Our hotel is up a steep little hill though, so she shifted down and the sound returned. We looked at her bike together and saw that we had a real situation on our hands - the derailleur had obviously gotten badly bent or damaged somehow. We pushed our way up the last few yards to our hotel, feeling glum and distressed - how likely were we to find a bike mechanic in little Licata?
Our hosts met us at the door, and quickly sprang into action to help us out. The lady of the house got on the phone immediately to see if the bike shop (run by a friend of the family) was still open. She thought it unlikely since it was after 5 on a Saturday night, but we’re in luck. The shop is open, and Giuseppe will await us. Our hosts pull out a map and mark out directions, and we’re off.
Giuseppe is all we could hope to find. He immediately sets to work, straightens the derailleur, and after extensive attempts to tune the gears realizes that one of the cog wheels is broken. Does he have a replacement? He thinks so, and after rummaging through his wares returns with the needed component. He says we’re really lucky - he normally closes at noon on Saturdays this early in the year, and this is the first time he’s been open this late.
As we ride off, he tells us to test it out and come right back if there’s a problem because he’s just about to shutter the shop for the weekend. It works perfectly though. So lucky!
Oh, hell. I thought we were avoiding this awful spot where the road is completely washed away. It was horrible to get through last time, and even worse now. We turn back and take a side road that branched off a short ways back.
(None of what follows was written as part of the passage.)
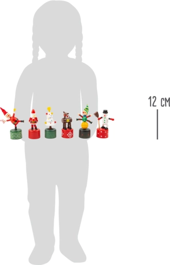 Zestaw 12 sztuk. Czy ten bałwan naprawdę się porusza? Tak, to prawda. Kilka świątecznych, drewnianych figurek porusza się tam i z powrotem, ale tylko wtedy, gdy naciśniesz przycisk na spodzie ich podstawki. Idealne jako prezent w okresie Adwentu.

I was excited to see one of these traditional painted carts again. Looking back at our first journal, we saw one near Licata then also. It looks like a different cart than last time though - the markings aren’t the same.
A great little bike store, run by our newest hero Giuseppe. We were so lucky to find his shop still open late on a Saturday afternoon. We could have been sitting out a few days.
Licata is an interesting place: authentic, I think you’d call it. Not much given over to tourism at all, its a bit gloomy walking through its narrow streets in the evening. For dinner, we walk down to the waterfront to La Lampara, the same restaurant we ate at the last time we were here, on our host’s recommendation. Great then, great now. It’s primarily a fish restaurant, and I enjoy a whole orata while Rachael has cod with potatoes and artichokes. We sit next to a pair of French gentlemen and take some enjoyment from the fact that their Italian skills are if anything even weaker than ours, hard as that is to imagine.